## PROBLEM TO SOLVE
For every line below, restate it exactly and drop the images.

(Beginning of DATA RECORDS)

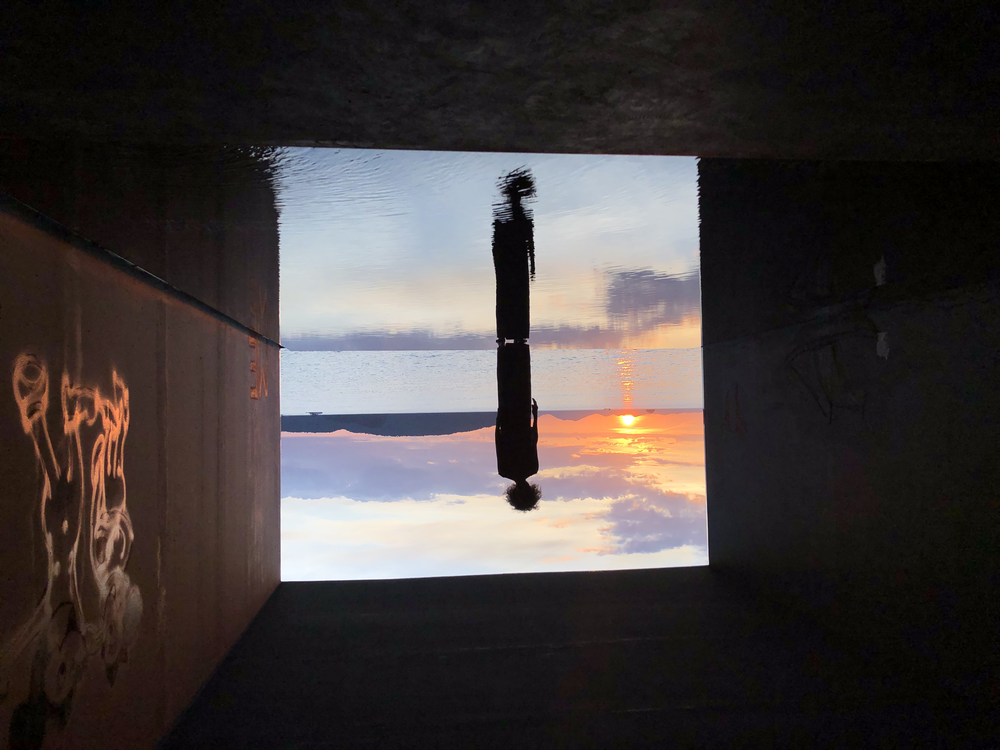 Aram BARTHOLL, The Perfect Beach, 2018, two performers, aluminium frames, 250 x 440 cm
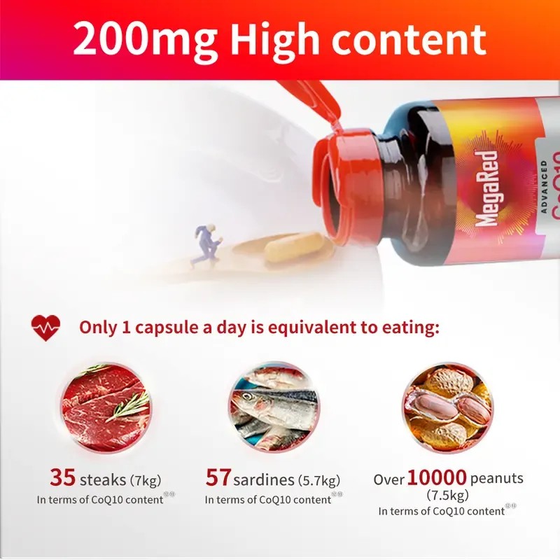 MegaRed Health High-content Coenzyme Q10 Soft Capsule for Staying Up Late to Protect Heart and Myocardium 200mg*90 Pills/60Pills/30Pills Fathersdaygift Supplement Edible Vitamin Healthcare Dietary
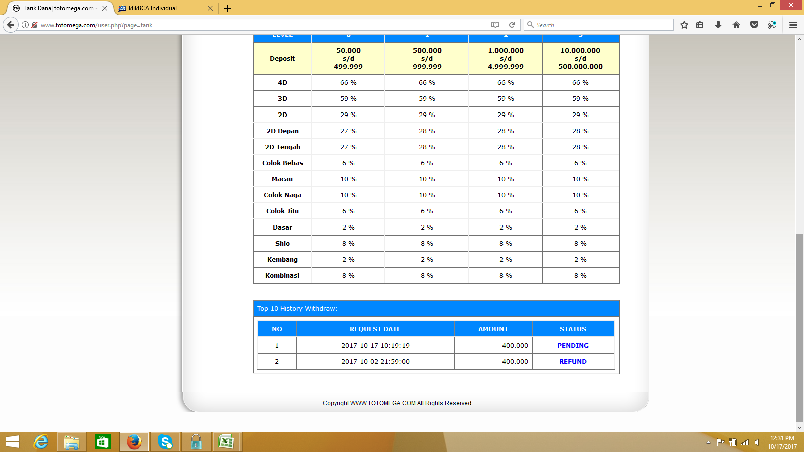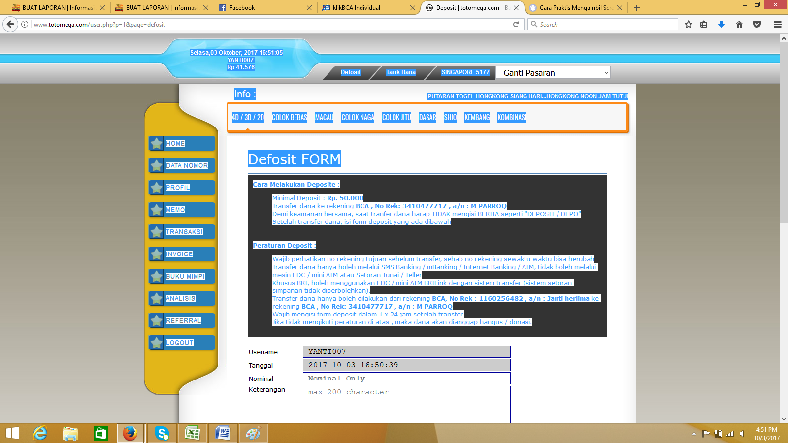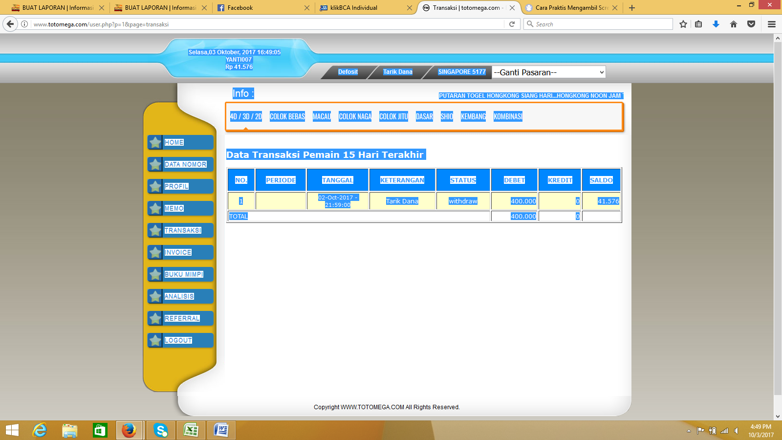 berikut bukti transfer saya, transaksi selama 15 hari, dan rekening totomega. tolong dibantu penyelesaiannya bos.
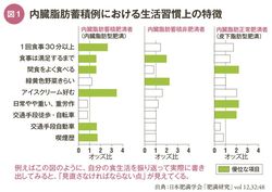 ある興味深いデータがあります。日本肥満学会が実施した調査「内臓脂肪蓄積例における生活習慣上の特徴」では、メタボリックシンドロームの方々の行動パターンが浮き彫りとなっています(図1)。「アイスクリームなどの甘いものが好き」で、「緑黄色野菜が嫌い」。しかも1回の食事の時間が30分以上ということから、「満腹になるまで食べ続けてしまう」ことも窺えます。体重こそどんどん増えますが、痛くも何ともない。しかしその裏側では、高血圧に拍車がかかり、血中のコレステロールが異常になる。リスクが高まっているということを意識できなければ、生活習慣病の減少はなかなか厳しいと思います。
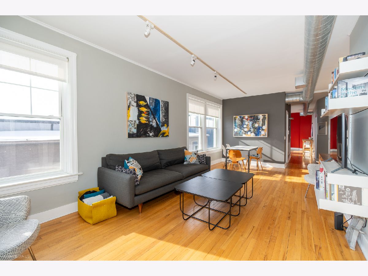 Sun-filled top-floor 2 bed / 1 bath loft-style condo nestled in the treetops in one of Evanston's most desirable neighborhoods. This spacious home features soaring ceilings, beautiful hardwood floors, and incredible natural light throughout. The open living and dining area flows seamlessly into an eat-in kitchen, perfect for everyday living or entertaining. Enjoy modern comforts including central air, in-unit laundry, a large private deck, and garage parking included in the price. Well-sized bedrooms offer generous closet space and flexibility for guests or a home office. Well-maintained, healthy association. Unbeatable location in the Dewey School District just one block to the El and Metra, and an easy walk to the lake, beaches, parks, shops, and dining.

(End of DATA RECORDS)

## OUTPUT
 Aram BARTHOLL, The Perfect Beach, 2018, two performers, aluminium frames, 250 x 440 cm
 MegaRed Health High-content Coenzyme Q10 Soft Capsule for Staying Up Late to Protect Heart and Myocardium 200mg*90 Pills/60Pills/30Pills Fathersdaygift Supplement Edible Vitamin Healthcare Dietary
 berikut bukti transfer saya, transaksi selama 15 hari, dan rekening totomega. tolong dibantu penyelesaiannya bos.
 ある興味深いデータがあります。日本肥満学会が実施した調査「内臓脂肪蓄積例における生活習慣上の特徴」では、メタボリックシンドロームの方々の行動パターンが浮き彫りとなっています(図1)。「アイスクリームなどの甘いものが好き」で、「緑黄色野菜が嫌い」。しかも1回の食事の時間が30分以上ということから、「満腹になるまで食べ続けてしまう」ことも窺えます。体重こそどんどん増えますが、痛くも何ともない。しかしその裏側では、高血圧に拍車がかかり、血中のコレステロールが異常になる。リスクが高まっているということを意識できなければ、生活習慣病の減少はなかなか厳しいと思います。
 Sun-filled top-floor 2 bed / 1 bath loft-style condo nestled in the treetops in one of Evanston's most desirable neighborhoods. This spacious home features soaring ceilings, beautiful hardwood floors, and incredible natural light throughout. The open living and dining area flows seamlessly into an eat-in kitchen, perfect for everyday living or entertaining. Enjoy modern comforts including central air, in-unit laundry, a large private deck, and garage parking included in the price. Well-sized bedrooms offer generous closet space and flexibility for guests or a home office. Well-maintained, healthy association. Unbeatable location in the Dewey School District just one block to the El and Metra, and an easy walk to the lake, beaches, parks, shops, and dining.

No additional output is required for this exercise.